> Could you make the claim that F-Droid is actually safer that "Google Play Store"

That is essentially the assertion that we made in the prequel to this post (at https://f-droid.org/en/2025/09/29/google-developer-registrat...).

> But how much malware has been distributed via F-Droid versus "Google Play Store"

There's been only a single case of malware that we know of that has slipped into distribution on F-Droid (through a supply-chain attack on a transitive dependency), and it was caught within a day.

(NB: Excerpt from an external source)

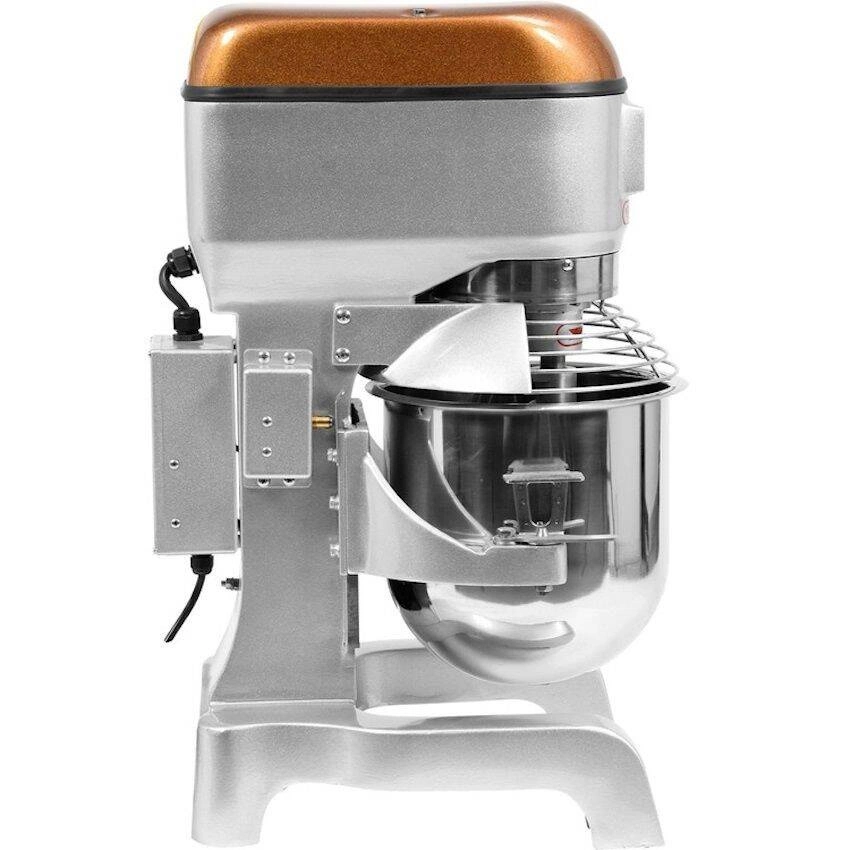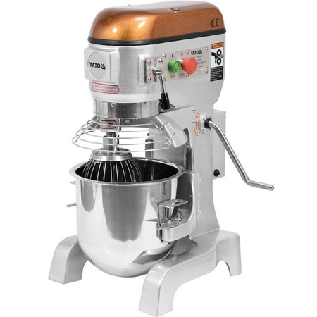 Planétový mixér značky YATO s objemom 10L, určený na prípravu ľahkých ciest, šľahanie peny a miešanie plnky. Disponuje tromi pracovnými rýchlosťami 110 / 178 / 355 ot./min., vďaka čomu je možné jednoducho prispôsobiť režim práce podľa potreby. Zariadenie je navyše vybavené bezpečnostným vypínačom, ktorý automaticky preruší prevádzku. Telo vyrobené z hliníka a ocele, natreté v metalickej striebornej farbe, sa ľahko udržiava v čistote. Misa a ďalšie príslušenstvo sú vyrobené z nehrdzavejúcej ocele určenej na styk s potravinami.

So if we were feeling glib, we might have made the claim that "there is over 224 times as much malware on the Play Store than on F-Droid".

To me, the question is not even relevant. Whatever the quality of f-droid,each use should be free to decide if they want to use it or not without Google having a life or death choice on the app that you want to use.

Google themselves have mentioned that about half of all malware is installed through their Play Store.

Why would one make this claim

Because Google is suggesting that "malware" is a motivation/reason/justification for their new "sideloading" policy

It can be useful to show that Google's alleged justification is bogus

Yes, software on F-droid is free and reviewed for anti-features before publishing. Google Play has the worst, ad ridden, dark pattern filled, data guzzling, subscription packed, commercial slop with no real oversight on what gets published. Malware frequently gets on the Play Store, never heard of it being a problem on F-Droid.

The freedom of installing whatever you want indeed brings more opportunity to come across malware, but as long as you lose the freedom, it's up to Google to decide which apps are "safe", which are not. Google will be the only, sole source of apps, they control everything.

It's not about immediate safety, it's about safety in the long run.

I don't even understand how this is an interesting or relevant point. "Can I install what I want on my service how and when I want" is the end of the conversation.